A Python and C library with no external dependencies for translating DNA sequences into protein sequences using different translation tables (aka genetic codes).



The [NCBI Genetic Codes](https://www.ncbi.nlm.nih.gov/Taxonomy/Utils/wprintgc.cgi?chapter=tgencodes#SG1) are central to working with alternate genetic codes. This Python tool kit includes a library that exposes the genetic codes so you can query a codon and get its variants or query a code and get its table. We also provide fast mechanisms to translate DNA sequences into protein sequences using the translation table of your choice.



# Current genetic codes:

1. The Standard Code (transl_table=1). By default all transl_table in GenBank flatfiles are equal to id 1, and this is not shown. When transl_table is not equal to id 1, it is shown as a qualifier on the CDS feature.
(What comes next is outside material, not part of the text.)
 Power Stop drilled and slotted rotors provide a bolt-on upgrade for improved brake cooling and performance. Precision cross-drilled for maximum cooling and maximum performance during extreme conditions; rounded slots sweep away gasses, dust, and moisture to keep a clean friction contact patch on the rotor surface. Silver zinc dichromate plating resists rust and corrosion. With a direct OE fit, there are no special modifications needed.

2. The Vertebrate Mitochondrial Code (transl_table=2)

3. The Yeast Mitochondrial Code (transl_table=3)

4. The Mold, Protozoan, and Coelenterate Mitochondrial Code and the Mycoplasma/Spiroplasma Code (transl_table=4)
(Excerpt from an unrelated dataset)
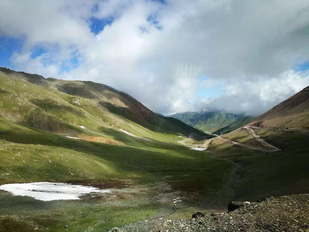 今天早上天氣很好,晴空萬里,一掃昨日陰霾。車隊離開素有“東方小瑞士”之稱的祁連縣城,很快進入冰溝地區。路兩側的植被變化明顯,提示著海拔高度的驟然上升。這樣的地方最是考驗車輛的爬坡能力。

5. The Invertebrate Mitochondrial Code (transl_table=5)

6. The Ciliate, Dasycladacean and Hexamita Nuclear Code (transl_table=6)

9. The Echinoderm and Flatworm Mitochondrial Code (transl_table=9)

10. The Euplotid Nuclear Code (transl_table=10)

11. The Bacterial, Archaeal and Plant Plastid Code (transl_table=11)

12. The Alternative Yeast Nuclear Code (transl_table=12)

13. The Ascidian Mitochondrial Code (transl_table=13)

14. The Alternative Flatworm Mitochondrial Code (transl_table=14)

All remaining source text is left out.